[Date Prev][Date Next][Thread Prev][Thread Next][Date Index][Thread Index]

[Support #HQC-205846]: ldm bug?



> I seem to have found an LDM bug, or a least a performance problem.  I am
> trying to connect to a UTAH server that is not responding.   In
> addition, I currently have none of their products in my queue.  The two
> processes that are connecting to this server are chewing up a lot of
> CPU.  I believe what is happening is that every time it tries to connect
> it is spinning through my 4 GB queue to find out what the last product
> is.  This is slowing down the rest of my ldm processing on this machine
> (freshair).  I "niced" the two processes to +19 so they would have a
> smaller effect. Attached are the log entries from my server.  Here are
> the request lines from the ldmd.conf file:
> 
> request EXP             mesowest.dat.gz         cirp.met.utah.edu
> request EXP             mesowest_csv.tbl.gz     cirp.met.utah.edu
> 
> Feb 28 07:52:25 freshair2 cirp[6329] NOTE: Starting Up(6.4.4): 
> cirp.met.utah.edu:388 20060228125223.800 TS_ENDT {{EXP,  "mesowest.dat.gz"}}

The above shows the initial selection-criteria.  Note that the start-time is 
12:52:23.800 on 2006-02-28
and that the message was printed at 07:52:25 on the same day.  The initial 
start-time SHOULD be one hour
before the current time rather than about seven hours later.  Is something 
unusual going on with your clock
or with the logging timestamp?  Alternatively, are you using a negative 
time-offset ("-o" option) or
maximum-latency ("-m" option) when the LDM is started?

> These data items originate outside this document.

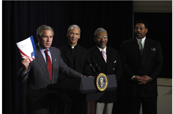
Putting it together. President Bush discusses his faith-based initiative with urban leaders gathered at the White House.

America's need and potential for service remain great. The President's Budget addresses this need and this potential by requesting the highest funding level in history for the Corporation for National and Community Service. It includes $442 million for AmeriCorps and $225 million for SeniorCorps to meet the President's commitment of supporting 75,000 AmeriCorps members and 600,000 SeniorCorps volunteers. The Budget also includes $20 million for Silver Scholarships for older Americans who volunteer 500 hours of service tutoring and mentoring students, in exchange for a $1,000 scholarship. Seniors may transfer their scholarships to a grandchild or young person.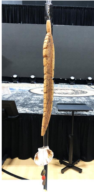
Micky Dupper Wind Chime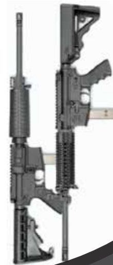
RRA LAR CAR A4 9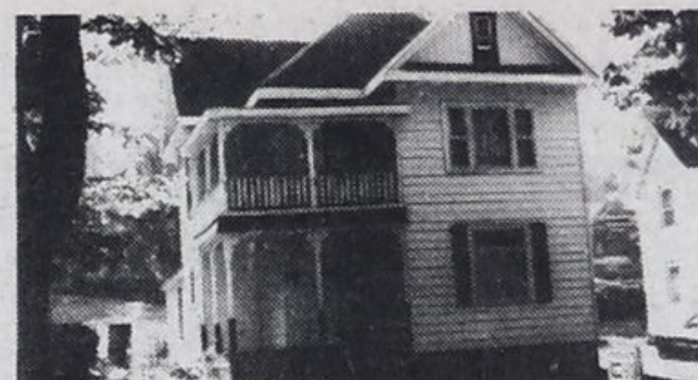
IMMACULATE REMODELLED HOME $47,900 — 3 bdrms, large family kitchen, spacious living room, good location, close to schools and shopping. Mature trees. Marjorie Contois.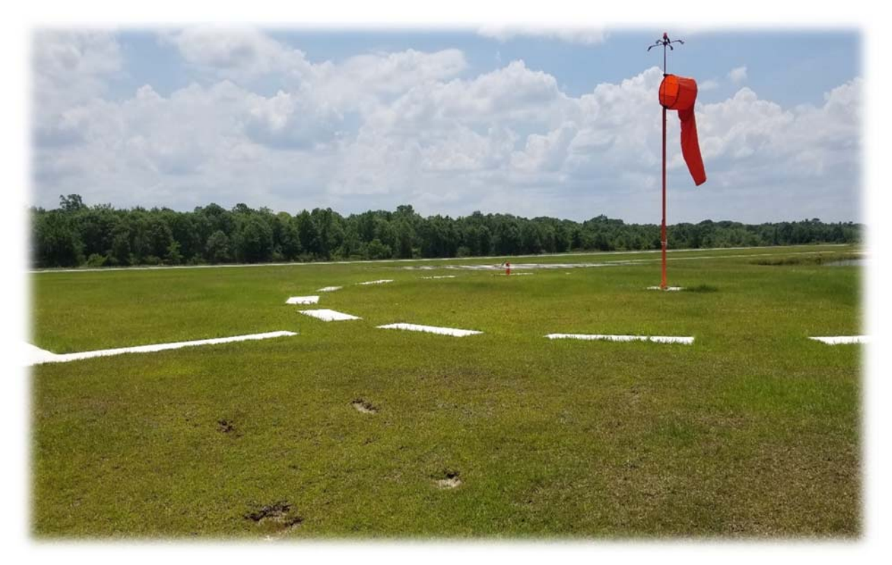
Figure 18: Existing L-807 Main Wind Cone with Segmented Circle (Centerfield)

The airfield does not have Supplemental windcones, L-806 frangible units, at either runway end.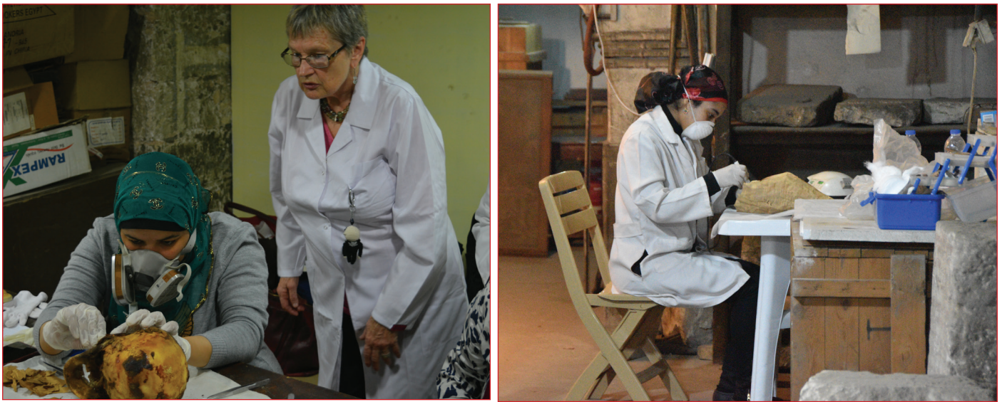
Figure 6. Conservation steps for both human remains and basket coffins

A primary objective of the project was the implementation of effective storage protocols for the skeletal remains. To this end, bones were meticulously wrapped in acid-free tissue paper and bubble wrap before being placed in custom-designed plastic containers. Larger containers, measuring 44x39 cm, were utilized for complete skeletons and skulls, while smaller containers were reserved for isolated skulls and pelvises. Internal dividers were employed to separate individual remains or skeletal elements. Mummified remains were similarly protected, using cardboard covered in acid-free tissue paper. For complete mummies, specialized wooden boxes were constructed to accommodate their specific dimensions. All containers were clearly labeled and organized on numbered shelves, in accordance with the Egyptian Museum's established storage practices (see Fig. 7).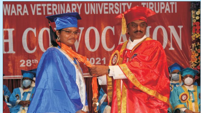
Student of CVSc, Proddatur Received 11 Gold Medals from Hon'ble Vice Chancellor of SVVU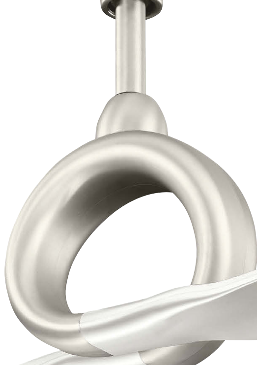
300168 NI Finish: Brushed Nickel Blades: Silver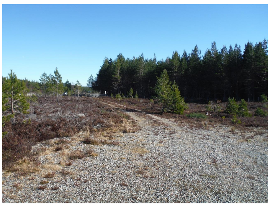
Photograph 35: NMU Route 15 looking south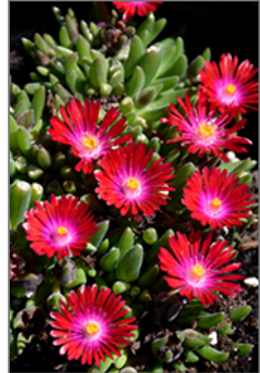
Jewel Of Desert Garnet Ice Plant flowers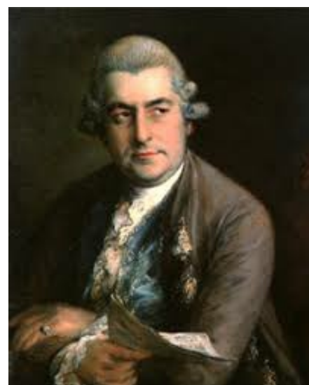
Johann Christian Bach (1735 – 1782)

For me these examples help to appreciate the changes in popular taste when one reads that Sebastian Bach's music was considered "out of fashion".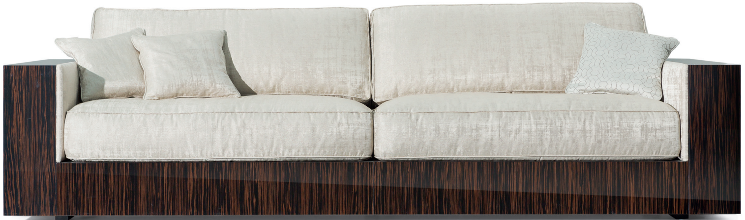
fin. NOP | TX 4031/1

Opera Contemporary | Design: Ufficio Tecnico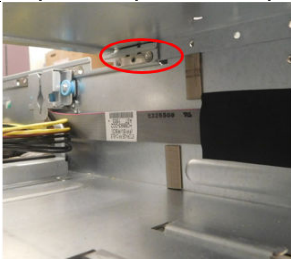
Image 2. After change - Chassis without EMI clips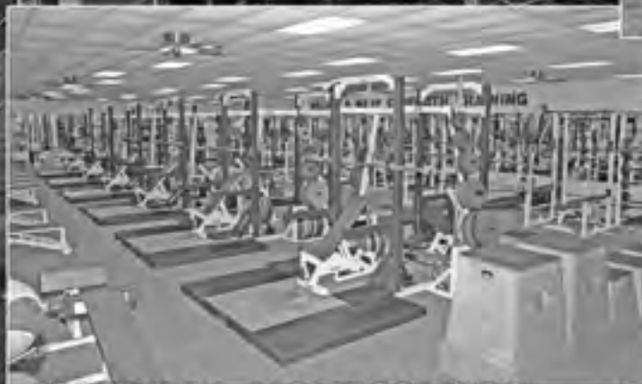
JOSEPH W. MONTGOMERY STRENGTH TRAINING CENTER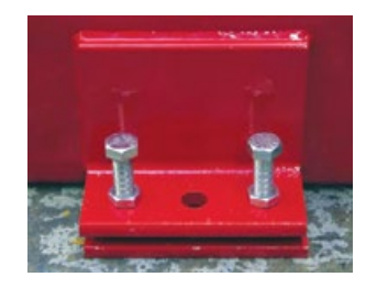
LEVELING JACK PLATES: Levels floor plate on uneven flooring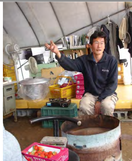
A Korean organic strawberry farmer at the Paldang Cooperative explains his dire situation. His greenhouse will probably fall to construction equipment within the year, unless the activists and farmers are successful with their protests.

In an important breakthrough, scientists in Europe have discovered a major new, widespread exposure pathway through which bees are ingesting nicotinyl insecticides in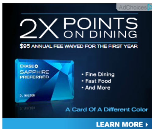
(b) Implemented icon and text [105] (actual size at 115 DPI).

icon’s] communication effectiveness over time”), and that the text “AdChoice” performed worse than alternatives.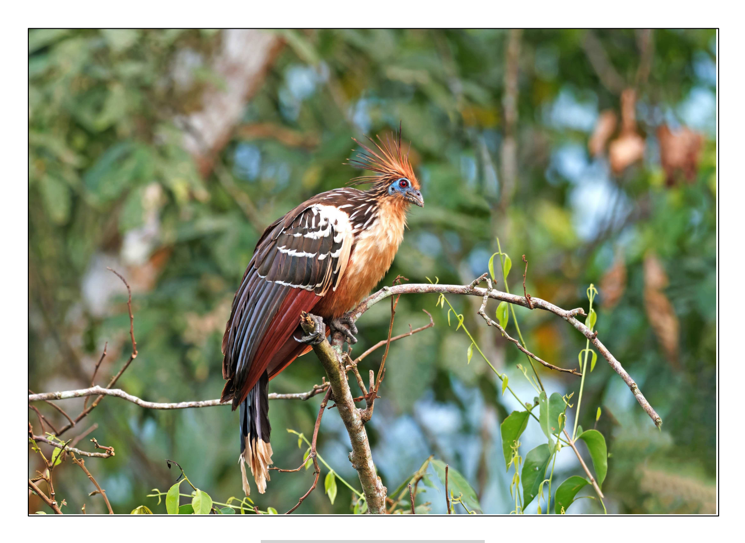
Hoatzin at Manu Biological Station

Near the end of the afternoon, we arrived at our next lodge, at the edge of foothill forest with enough time for some final birding, Spot-breasted and Yellow-tufted Woodpeckers , Red-capped Cardinal , Golden-bellied Euphonia , and a small wetland had Capped Heron , Green Kingfisher , Green Ibis , Brazilian Teal , and Hoatzin ( photo below ). At the end of the day, before darkness fell one of the lodge staff led us a sleeping Black-banded Owl for the conclusion of the day.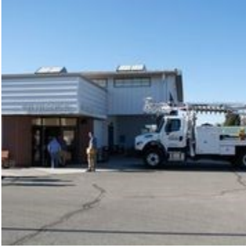
Going into the 2021 Annual Meeting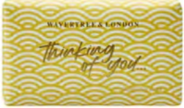
Thinking Of You Yellow - Frangipani & Gardenia Soap Bar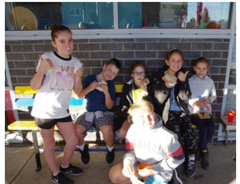
All enjoying a BIG breakfast!

> Feb 28 07:53:56 freshair2 cirp[6329] INFO: No matching data-product in 
> product-queue

The downstream LDM process then tried to find the most-recent product in the 
product-queue that
matched the selection criteria.  It found nothing; consequently, the initial 
start-time remained unmodified.

If the selection-criteria start-time is in the future, then no matching product 
will be found in the product-
queue and the downstream LDM will, consequently, search the entire queue.  I 
think this is a problem with
how the start-time was set rather than with the LDM per se (unless the LDM is 
setting the start-time 
incorrectly).

I'll see if I can modify the code so that if it's impossible to find a matching 
product, then the search will
terminate immediately.

> Feb 28 07:53:56 freshair2 cirp[6329] NOTE: LDM-6 desired product-class: 
> 20060228125356.284 TS_ENDT {{EXP,  "mesowest.dat.gz"}}
> Feb 28 07:53:56 freshair2 cirp[6329] ERROR: Terminating due to LDM failure; 
> nullproc_6 failure to cirp.met.utah.edu; RPC: Unable to receive; errno = 
> Connection reset by peer

Regards,
Steve Emmerson

Ticket Details
===================
Ticket ID: HQC-205846
Department: Support LDM
Priority: Normal
Status: On Hold